Recent studies suggest that the Last Glacial Period and the Holocene Climate Optimum present the largest contribution to the climate impact on the modern subsurface temperature distribution in Germany. Previous studies, mainly in Northern Europe, have shown, that an additive effect of the Pleistocene Glaciations can be observed, with a total cooling of several Kelvin in up to two kilometer depth.

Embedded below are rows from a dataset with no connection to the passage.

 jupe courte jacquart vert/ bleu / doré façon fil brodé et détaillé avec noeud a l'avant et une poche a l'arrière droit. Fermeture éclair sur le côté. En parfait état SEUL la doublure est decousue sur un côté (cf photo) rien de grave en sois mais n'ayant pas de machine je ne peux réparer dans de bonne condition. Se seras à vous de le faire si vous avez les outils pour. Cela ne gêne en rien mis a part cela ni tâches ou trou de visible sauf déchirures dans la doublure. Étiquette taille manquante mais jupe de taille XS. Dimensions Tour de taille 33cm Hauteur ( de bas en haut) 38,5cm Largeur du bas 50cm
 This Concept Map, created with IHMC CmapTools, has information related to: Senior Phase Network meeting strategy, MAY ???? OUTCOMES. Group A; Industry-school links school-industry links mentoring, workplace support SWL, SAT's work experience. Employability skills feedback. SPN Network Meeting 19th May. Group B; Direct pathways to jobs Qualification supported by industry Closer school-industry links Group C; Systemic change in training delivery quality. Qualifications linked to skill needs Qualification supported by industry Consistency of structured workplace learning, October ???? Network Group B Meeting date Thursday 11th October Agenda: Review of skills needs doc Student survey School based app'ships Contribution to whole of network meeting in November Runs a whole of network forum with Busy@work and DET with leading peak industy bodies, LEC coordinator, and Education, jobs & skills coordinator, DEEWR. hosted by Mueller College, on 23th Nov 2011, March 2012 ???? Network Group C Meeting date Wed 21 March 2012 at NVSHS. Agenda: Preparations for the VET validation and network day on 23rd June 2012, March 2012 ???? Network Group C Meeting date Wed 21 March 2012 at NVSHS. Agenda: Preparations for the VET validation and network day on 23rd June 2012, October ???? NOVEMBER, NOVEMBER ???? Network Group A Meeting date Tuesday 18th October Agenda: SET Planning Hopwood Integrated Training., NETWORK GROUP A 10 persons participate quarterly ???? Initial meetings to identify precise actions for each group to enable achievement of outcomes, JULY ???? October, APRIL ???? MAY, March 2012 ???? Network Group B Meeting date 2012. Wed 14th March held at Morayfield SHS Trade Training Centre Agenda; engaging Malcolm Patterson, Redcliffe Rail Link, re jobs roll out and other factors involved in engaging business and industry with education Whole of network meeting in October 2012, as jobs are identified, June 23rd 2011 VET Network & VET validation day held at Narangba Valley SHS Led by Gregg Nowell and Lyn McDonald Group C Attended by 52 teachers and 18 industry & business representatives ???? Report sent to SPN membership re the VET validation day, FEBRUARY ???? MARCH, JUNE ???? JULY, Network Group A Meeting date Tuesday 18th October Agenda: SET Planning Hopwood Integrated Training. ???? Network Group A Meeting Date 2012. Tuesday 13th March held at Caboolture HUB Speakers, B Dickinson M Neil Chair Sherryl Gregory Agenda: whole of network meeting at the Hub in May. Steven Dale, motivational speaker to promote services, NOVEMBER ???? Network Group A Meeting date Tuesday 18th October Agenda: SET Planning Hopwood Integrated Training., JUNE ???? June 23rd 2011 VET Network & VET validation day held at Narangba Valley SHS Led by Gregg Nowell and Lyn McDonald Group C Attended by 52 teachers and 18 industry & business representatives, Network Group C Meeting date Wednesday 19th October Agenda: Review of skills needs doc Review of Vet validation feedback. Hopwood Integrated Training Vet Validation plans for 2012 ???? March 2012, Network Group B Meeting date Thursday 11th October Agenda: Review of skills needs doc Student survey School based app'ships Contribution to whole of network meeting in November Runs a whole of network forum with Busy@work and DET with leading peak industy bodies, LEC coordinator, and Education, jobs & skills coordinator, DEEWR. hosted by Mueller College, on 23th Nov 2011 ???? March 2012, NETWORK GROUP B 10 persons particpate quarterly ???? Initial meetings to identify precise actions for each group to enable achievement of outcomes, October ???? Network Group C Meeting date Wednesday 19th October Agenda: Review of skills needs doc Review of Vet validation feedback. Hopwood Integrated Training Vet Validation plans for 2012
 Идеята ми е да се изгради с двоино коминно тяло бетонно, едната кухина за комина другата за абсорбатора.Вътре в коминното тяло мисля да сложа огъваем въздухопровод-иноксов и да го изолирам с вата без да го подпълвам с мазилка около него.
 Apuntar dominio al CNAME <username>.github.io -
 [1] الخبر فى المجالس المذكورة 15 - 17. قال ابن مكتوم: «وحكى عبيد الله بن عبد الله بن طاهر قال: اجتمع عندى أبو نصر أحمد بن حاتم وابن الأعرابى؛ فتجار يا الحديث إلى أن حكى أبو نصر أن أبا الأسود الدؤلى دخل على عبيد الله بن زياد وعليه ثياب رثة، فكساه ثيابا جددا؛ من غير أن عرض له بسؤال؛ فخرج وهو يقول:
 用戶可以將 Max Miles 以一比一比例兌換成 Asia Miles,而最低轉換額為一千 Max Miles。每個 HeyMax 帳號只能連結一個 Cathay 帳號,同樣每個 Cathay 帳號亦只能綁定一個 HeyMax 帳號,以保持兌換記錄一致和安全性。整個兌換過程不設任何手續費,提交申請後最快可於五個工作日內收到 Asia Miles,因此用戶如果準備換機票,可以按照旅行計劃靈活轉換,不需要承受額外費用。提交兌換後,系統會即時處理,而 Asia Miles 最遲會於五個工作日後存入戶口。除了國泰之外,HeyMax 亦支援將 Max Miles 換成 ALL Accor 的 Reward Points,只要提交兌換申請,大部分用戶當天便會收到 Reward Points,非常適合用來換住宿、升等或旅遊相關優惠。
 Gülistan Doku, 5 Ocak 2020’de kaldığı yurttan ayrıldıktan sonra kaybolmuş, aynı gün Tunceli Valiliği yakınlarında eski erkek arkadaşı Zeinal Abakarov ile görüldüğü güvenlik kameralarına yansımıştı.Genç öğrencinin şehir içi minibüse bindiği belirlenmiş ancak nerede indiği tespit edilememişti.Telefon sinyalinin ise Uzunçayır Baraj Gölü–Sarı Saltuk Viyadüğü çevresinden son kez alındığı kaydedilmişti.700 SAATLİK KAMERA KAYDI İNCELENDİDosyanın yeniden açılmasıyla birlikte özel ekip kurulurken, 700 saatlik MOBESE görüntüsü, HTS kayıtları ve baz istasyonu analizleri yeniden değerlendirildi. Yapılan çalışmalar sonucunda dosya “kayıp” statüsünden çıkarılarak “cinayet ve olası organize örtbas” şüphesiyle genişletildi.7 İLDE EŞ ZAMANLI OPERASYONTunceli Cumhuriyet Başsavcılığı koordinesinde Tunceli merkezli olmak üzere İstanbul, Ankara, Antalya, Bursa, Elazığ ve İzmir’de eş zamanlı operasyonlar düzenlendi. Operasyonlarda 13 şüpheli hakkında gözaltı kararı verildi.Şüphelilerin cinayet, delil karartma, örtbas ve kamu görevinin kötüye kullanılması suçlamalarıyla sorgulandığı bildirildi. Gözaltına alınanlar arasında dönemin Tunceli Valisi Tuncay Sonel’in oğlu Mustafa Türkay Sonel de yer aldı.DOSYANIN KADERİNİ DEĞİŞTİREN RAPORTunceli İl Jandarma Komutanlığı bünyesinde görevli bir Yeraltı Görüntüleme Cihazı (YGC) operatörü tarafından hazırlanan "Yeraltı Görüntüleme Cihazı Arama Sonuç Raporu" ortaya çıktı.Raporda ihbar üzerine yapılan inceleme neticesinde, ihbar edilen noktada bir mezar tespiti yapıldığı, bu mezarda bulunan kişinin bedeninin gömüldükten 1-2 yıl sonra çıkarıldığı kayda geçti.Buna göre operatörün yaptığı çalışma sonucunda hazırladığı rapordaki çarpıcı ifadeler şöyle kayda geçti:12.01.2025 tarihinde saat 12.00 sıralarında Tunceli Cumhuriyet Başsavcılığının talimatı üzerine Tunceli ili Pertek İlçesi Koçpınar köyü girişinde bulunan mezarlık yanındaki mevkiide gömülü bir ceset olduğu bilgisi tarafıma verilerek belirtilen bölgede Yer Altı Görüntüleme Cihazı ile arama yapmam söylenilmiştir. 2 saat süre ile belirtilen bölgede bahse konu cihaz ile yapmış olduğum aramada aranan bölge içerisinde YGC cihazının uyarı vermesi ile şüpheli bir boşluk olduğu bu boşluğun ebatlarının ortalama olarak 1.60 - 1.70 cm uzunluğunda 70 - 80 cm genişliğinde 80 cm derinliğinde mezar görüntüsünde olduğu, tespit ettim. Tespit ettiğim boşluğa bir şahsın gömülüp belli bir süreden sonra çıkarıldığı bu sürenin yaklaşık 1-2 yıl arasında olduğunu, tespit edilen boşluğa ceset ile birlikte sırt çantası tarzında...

In the NGB, complex salt dynamics shape the structure of overlying sediment layers. Given the spatial orientation and contrast in thermal parameters, heat refraction may play a significant role on how the paleoclimatic imprint is distributed in the subsurface thermal field. To understand the influence of transient processes we discretized the stratigraphic succsession in the NGB to thermally relevant units. We create 3D structural models of regions with salt-dominated areas. The structural models are discretized into unstructured 3D finite element meshes and the model units are parametrized considering regional constraints. We apply a heatflow dervied from boreholes in the model regions as lower thermal boundary condition. The upper boundary condition is derived from soil temperatures in transient global circulation models starting at the last glacial maximum and scaled $\delta^{18}O$ as a proxy for the time prior.
The results indicate a clear correlation between the complex structural configuration of the model and the transient effects of the applied boundary conditions. The predicted subsurface thermal field is discussed and compared to temperature observations and statistical models of the temperature field in the model region.